Dear Brothers! Please tell the author and the story. It tells about cockroaches who lived in books. And according to the book in which they lived, they had a lexicon. For example, a person living in the Encyclopedia of Med expounded his thoughts exclusively in terms of med. Even these cockroaches sat on the back of the bed and discussed the intimate life of the owner.
I will be in the hospital for two weeks from Tuesday, but I think the connection will be done.
YYY: What to treat?
XXX: Military duty
YYY: the eye :)
When does a young man become a man?
xXx- When instead of biting your nails, start scratching eggs?

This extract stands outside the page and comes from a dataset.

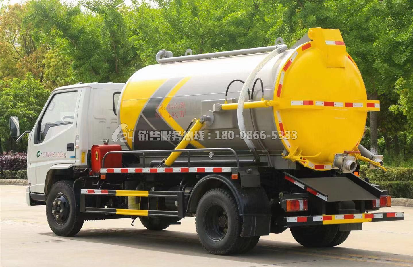 江鈴順達吸污車罐體形狀為圓柱形,采用武鋼6mm厚優(yōu)質(zhì)碳鋼鋼板,罐體前部帶吸污窗,洗手裝置,舉升裝置,吸污管5米一根,罐體多種顏色選擇,其余按廠內(nèi)標準配置制作。隨車配置大功率真空吸污泵和優(yōu)質(zhì)液壓系統(tǒng),罐體封頭一次壓鑄成型、罐體可后開、雙頂自卸。罐內(nèi)污物可通過后蓋直接傾倒,具有真空度高(比吸糞車的吸力更大)、噸位大、效率高、用途更廣泛的特點。(垂直吸程:≥8 m,工作壓力:8500Pa,理論抽速:120L/S,軸功功率:≤13kw,進排氣口徑:50mm,抽滿罐時間:<5 min,排滿罐時間:<4min。吸污車采用大功率真空泵,一次壓鑄成型的封頭-,加厚的抗壓罐體,雙頂液壓系統(tǒng),是比吸糞車功能更強大的車型。
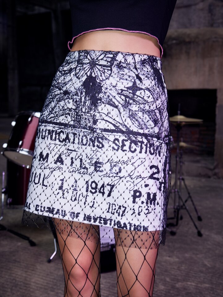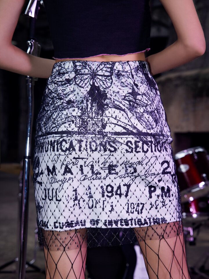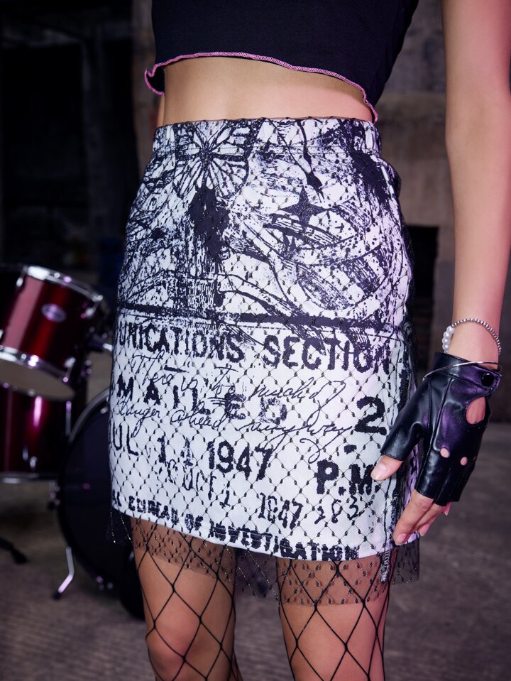 Grunge Punk Letter Print Contrast Mesh Skirt

IQ is NO! When he begins to realize that after scratching the eggs, the nails should no longer bite.
without words.
Einstein was in guests with his acquaintances. The rain began. When Einstein was about to leave, he was offered to take a hat.
Why Why? said Einstein.
“I knew it would rain, and that’s why I didn’t wear a hat. It will dry longer than my hair. It is obvious.
Physics is joking
I can borrow a blue cane - it is very blue, a volume of 5 liters. But it’s immediately clear – it’s going to be a very big cock;)
XXX: All... I invented my story for porn.

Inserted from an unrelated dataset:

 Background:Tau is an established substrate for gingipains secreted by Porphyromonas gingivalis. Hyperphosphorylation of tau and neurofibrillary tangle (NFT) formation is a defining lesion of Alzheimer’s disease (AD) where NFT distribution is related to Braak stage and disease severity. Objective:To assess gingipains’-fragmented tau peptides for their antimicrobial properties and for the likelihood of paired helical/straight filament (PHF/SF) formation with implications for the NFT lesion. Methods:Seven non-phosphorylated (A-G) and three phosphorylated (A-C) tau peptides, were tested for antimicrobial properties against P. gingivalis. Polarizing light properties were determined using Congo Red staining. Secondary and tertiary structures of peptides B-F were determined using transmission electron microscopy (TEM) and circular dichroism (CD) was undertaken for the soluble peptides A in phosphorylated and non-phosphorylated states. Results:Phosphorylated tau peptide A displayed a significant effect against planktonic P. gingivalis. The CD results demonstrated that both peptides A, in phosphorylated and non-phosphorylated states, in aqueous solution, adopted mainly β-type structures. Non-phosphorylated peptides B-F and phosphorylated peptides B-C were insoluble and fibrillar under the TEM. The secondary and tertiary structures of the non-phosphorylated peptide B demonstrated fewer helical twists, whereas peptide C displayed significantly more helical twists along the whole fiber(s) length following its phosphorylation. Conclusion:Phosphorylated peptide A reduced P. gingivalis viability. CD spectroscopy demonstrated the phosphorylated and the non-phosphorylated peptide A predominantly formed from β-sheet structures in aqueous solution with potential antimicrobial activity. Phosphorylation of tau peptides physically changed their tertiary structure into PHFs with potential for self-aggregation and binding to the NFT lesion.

First, there comes a man in a black balloon, draws a pentagram, and reads spells, like: “Three of the lars...”
Here is Bach! There are three demons:
What
The new owner
must
XHH: And here this demonologist with horror answers:" Fuck! What did I do!"
[22:37:42] sasboyar: I look at these animals and I love them so much, they are so cute, but I eat them!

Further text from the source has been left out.